We use the function \(\mathsf{laplace()}\) contained in the \(\mathsf{LearnBayes}\) package for computing the posterior modes, the posterior standard deviations and the log-marginal likelihoods, \(\log(m(y))\).

#posterior modes, posterior standard deviations and the log-marginal likelihoods by using laplace function
datapar <- list(data=y, par=c(4.57, 1.43))
fit1 <- laplace(logpoissongamma, .5, datapar)
datapar <- list(data=y, par=c(1, .5))
fit2 <- laplace(logpoissonnormal, .5, datapar)
datapar <- list(data=y, par=c(2, .5))
fit3 <- laplace(logpoissonnormal, .5, datapar)
datapar <- list(data=y, par=c(1, 2))
fit4 <- laplace(logpoissonnormal, .5, datapar)

postmode <- c(fit1$mode, fit2$mode, fit3$mode, fit4$mode )
postsds <- sqrt(c(fit1$var, fit2$var, fit3$var, fit4$var))
logmarg <- c(fit1$int, fit2$int, fit3$int, fit4$int)
cbind(postmode, postsds, logmarg)
##       postmode   postsds   logmarg
## [1,] 0.5248047 0.1274414 -1.502977
## [2,] 0.5207825 0.1260712 -1.255171
## [3,] 0.5825195 0.1224723 -5.076316
## [4,] 0.4899414 0.1320165 -2.137216

Now we may compute the Bayes factors, for instance:

\[BF_{21}=m_{2}(y)/m_{1}(y)=\exp\{-1.255171+1.502877 \}= 1.281,\] which means that Prior 2 is 1.28 times more preferable than Prior 1. This makes sense: if we look at the first plot, Prior 2 was slightly closer to the likelihood.

# bayes factors
BF_matrix <- matrix(1, 4,4)
for (i in 1:3){
  for (j in 2:4){
   BF_matrix[i,j]<- exp(logmarg[i]-logmarg[j])
   BF_matrix[j,i]=(1/BF_matrix[i,j]) 
  }
}

round_bf <- round(BF_matrix,3)
round_bf
##       [,1]  [,2]   [,3]  [,4]
## [1,] 1.000 0.781 35.635 1.886
## [2,] 1.281 1.000 45.656 2.416
## [3,] 0.028 0.022  1.000 0.053
## [4,] 0.530 0.414 18.899 1.000

Every prior is favored over Prior 3, wich is the prior with the greatest likelihood conflict. Prior 2 is always favored over the other priors. Generally, the marginal probability for a prior decreases as the prior density becomes more diffuse.
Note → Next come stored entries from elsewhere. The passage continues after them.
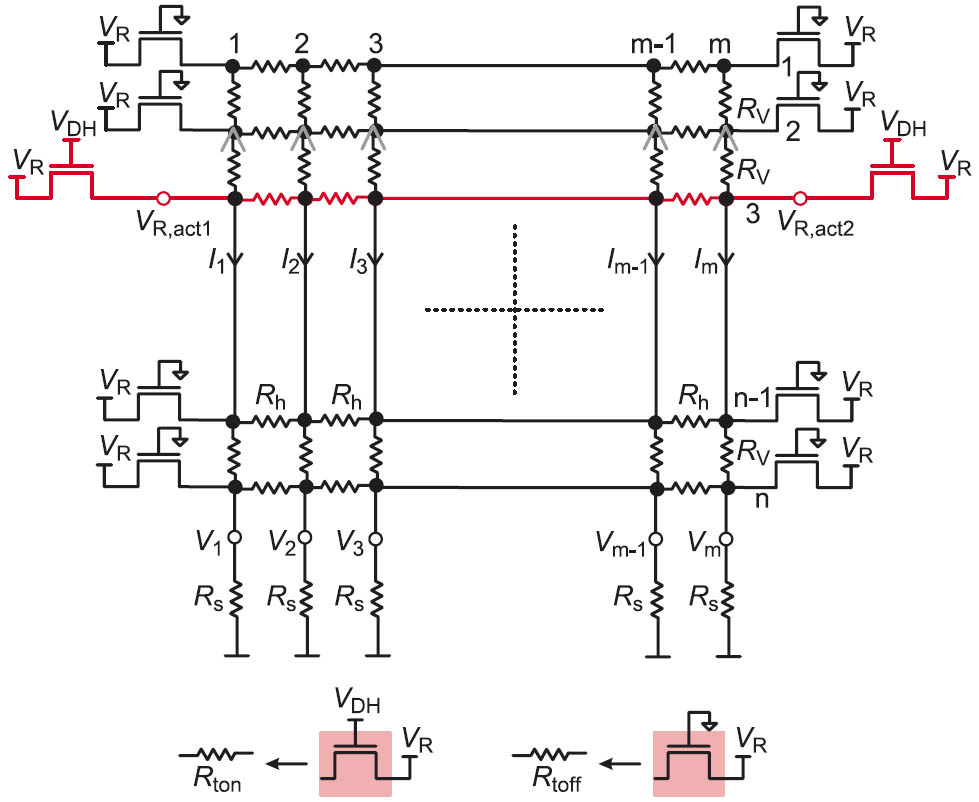 Due to the voltage drops at the interconnects, the sensing elements and since the non-accessed cells are not isolated, parasitic currents will flow through the memory cells in the non-accessed rows. In addition, the resistance of the row access transistors will reduce the actual read voltage VRact applied to the row because they construct a voltage divider with the equivalent resistance of the rows.
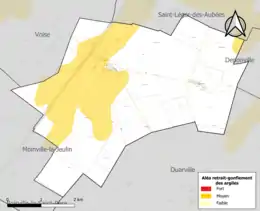 Le retrait-gonflement des sols argileux est susceptible d'engendrer des dommages importants aux bâtiments en cas d’alternance de périodes de sécheresse et de pluie. 27,1 % de la superficie communale est en aléa moyen ou fort (52,8 % au niveau départemental et 48,5 % au niveau national). Sur les 136 bâtiments dénombrés sur la commune en 2019, 81 sont en aléa moyen ou fort, soit 60 %, à comparer aux 70 % au niveau départemental et 54 % au niveau national. Une cartographie de l'exposition du territoire national au retrait gonflement des sols argileux est disponible sur le site du BRGM[18],[Carte 2].
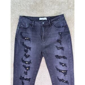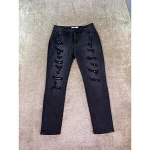 KanCan Alyssa Distressed Skinny Ankle Jean Womens JR Size 13/30 Black Denim E302
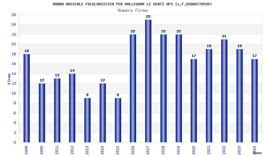 | Anno | Firme | Importi | Media | Naz. | Reg. | Prov. | Comu. |
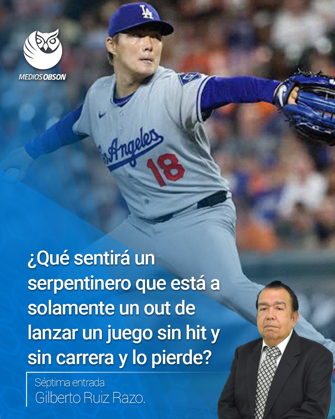 TRAGEDIA.- ¿Qué sentirá un serpentinero que está a solamente un out de lanzar un juego sin hit y sin carrera y lo pierde?. Fue, en verdad, una tragedia para el derecho japonés Yoshinobu Yamamoto cuando el bateador de Orioles, que caían 0-3 ante Dodgers, Jackson Holliday, puso a viajar el picheo 112 del serpentinero oriental, que lo tenía en 2 bolas y 1 strike, para empezar lo que vendría después, cuando no solo perdió la joya de pitcheo, sino el juego mismo.
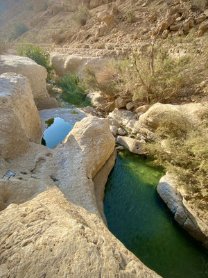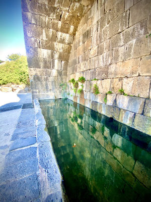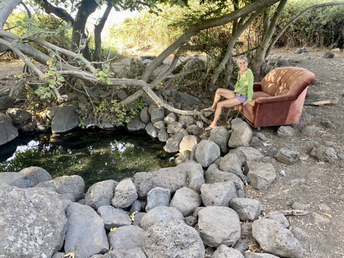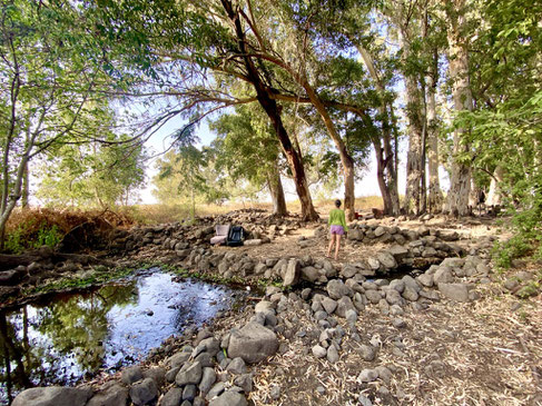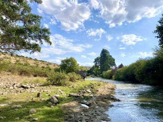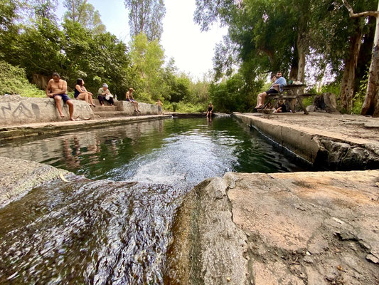 Im Norden, entlang der Golanhöhen haben wir diverse Sehenswürdigkeiten, die wir gerne besichtigt hätten. Am Ende haben wir praktisch alle sausen lassen, da wir nicht bereit sind für einen Spaziergang zu einem Wasserfall oder einer kleinen Wanderung in ein Tal hohe Eintrittspreise zu bezahlen. So beschliessen wir nach Katzrin, einer kleinen Stadt in den Golanhöhen zu fahren. Bei der Suche eines geeigneten Stallplatz für die Nacht, haben wir einen sehr speziellen, mystischen Ort gefunden. Es sieht aus wie in einer Oase. Der kleine Naturpool ist eiskalt und mit glasklarem Wasser gefüllt, umgeben von Feigen und Eukalyptusbäumen.

Exercise 8 Simulate a sample of size \(n=14\) from a Bernoulli distribution parameter \(p=0.5\).

  • Looking at the \(\mathsf{Stan}\) code for the other models, write a short \(\mathsf{Stan}\) Beta-Binomial model, where \(p\) has a \(\mathsf{Beta}(a,b)\) prior with \(a=3\), \(b=3\).

  • extract the posterior distribution with the function \(\mathsf{extract()}\);

  • produce some plots with the \(\mathsf{bayesplot}\) package and comment.

  • compute analitically the posterior distribution and compare it with the \(\mathsf{Stan}\) distribution.